* [To do]:
Repeat everything in the listing exactly, except for the images.

-- Information provided follows --

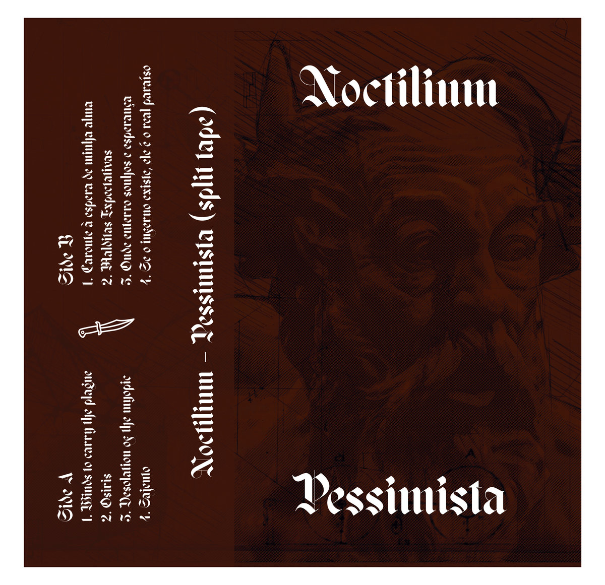 High-bias cassette tape professionally produced. Limited blood infused shell. Only 50 copies available. Contains both the Noctilium and Pessimista sides of the split.
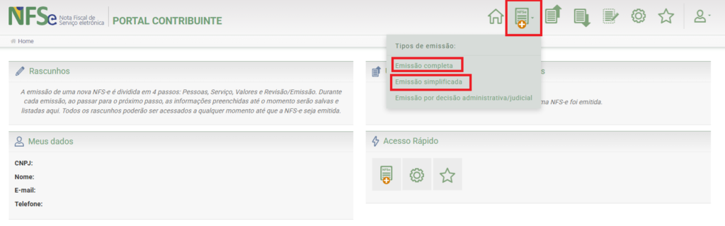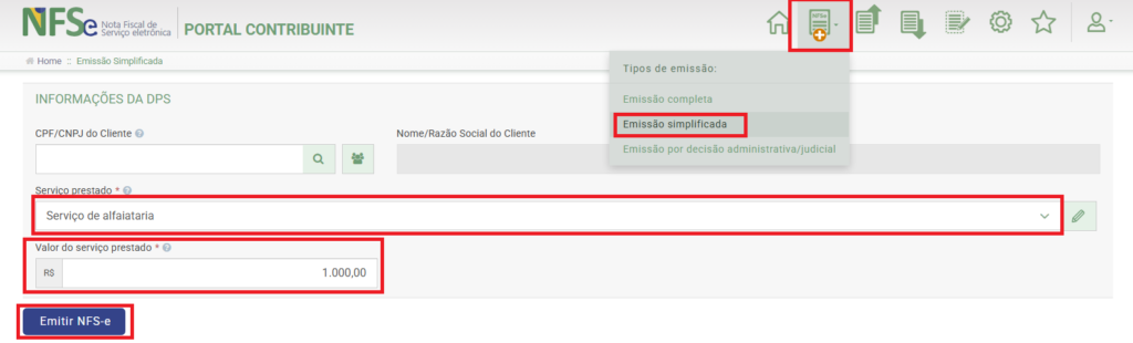• Emissão Simplificada: Ideal para quem precisa de agilidade. Você só precisa informar o CPF/CNPJ do cliente e o valor do serviço.
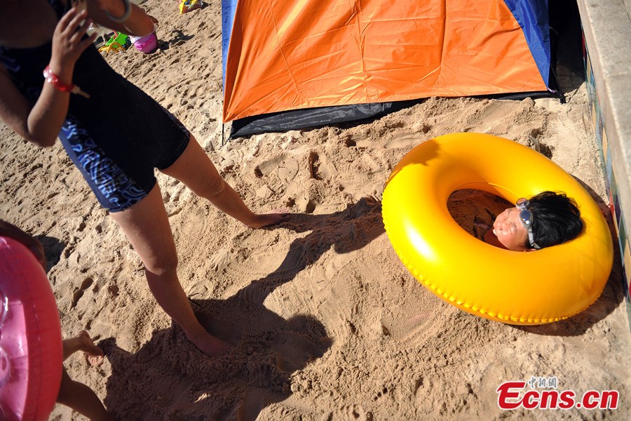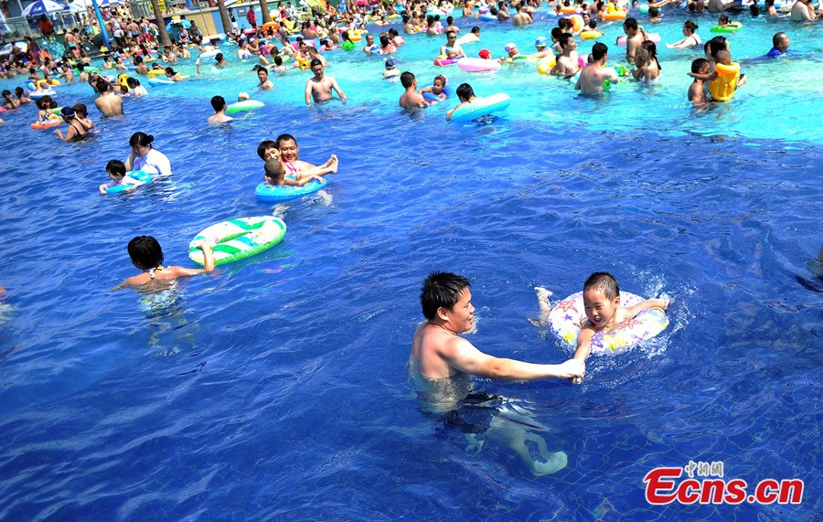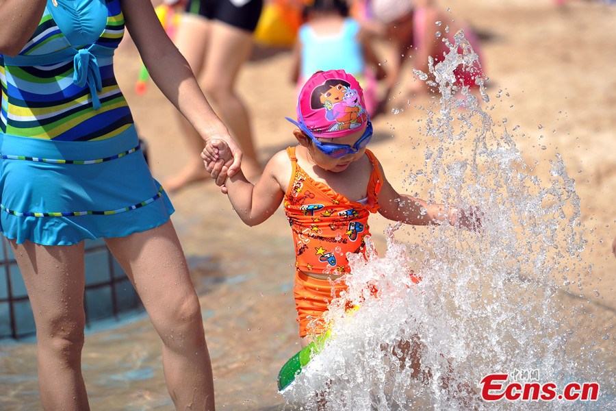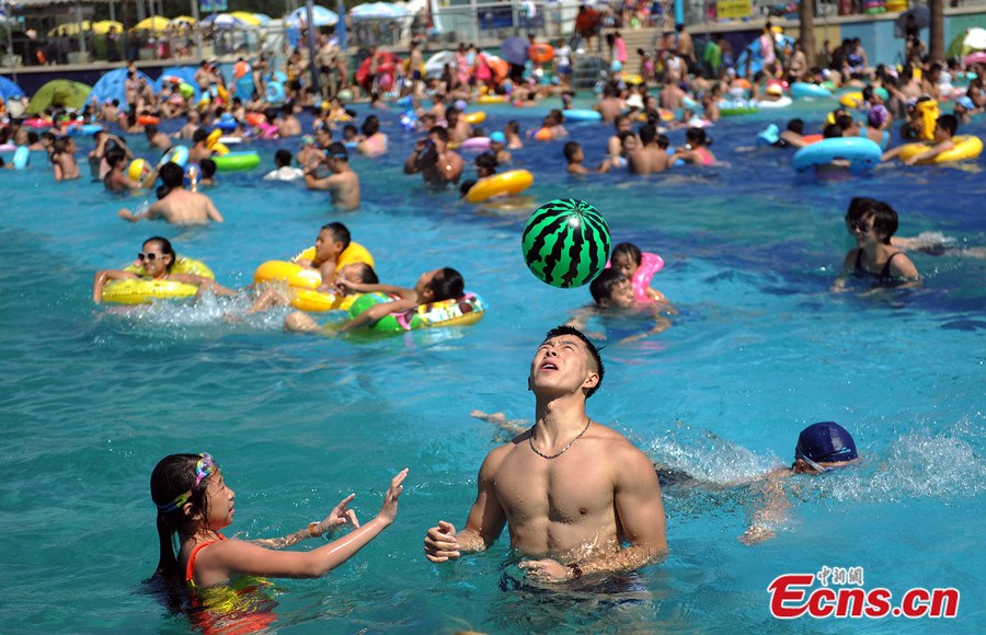 Photo taken on July 28 shows tourists at a beach festival in Chaoyang Park of Beijing. A heat wave hit many parts of the country these days and the capital city also issued the second orange-coded heat alert of this summer on Sunday. [Photo: CNS / Jin Shuo]
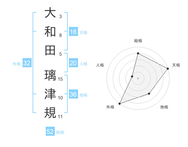大和田 璃津規さんを姓名の画数から五運を鑑定

-- Information provided concluded --

* [Finished task]:
 High-bias cassette tape professionally produced. Limited blood infused shell. Only 50 copies available. Contains both the Noctilium and Pessimista sides of the split.
• Emissão Simplificada: Ideal para quem precisa de agilidade. Você só precisa informar o CPF/CNPJ do cliente e o valor do serviço.
 Photo taken on July 28 shows tourists at a beach festival in Chaoyang Park of Beijing. A heat wave hit many parts of the country these days and the capital city also issued the second orange-coded heat alert of this summer on Sunday. [Photo: CNS / Jin Shuo]
大和田 璃津規さんを姓名の画数から五運を鑑定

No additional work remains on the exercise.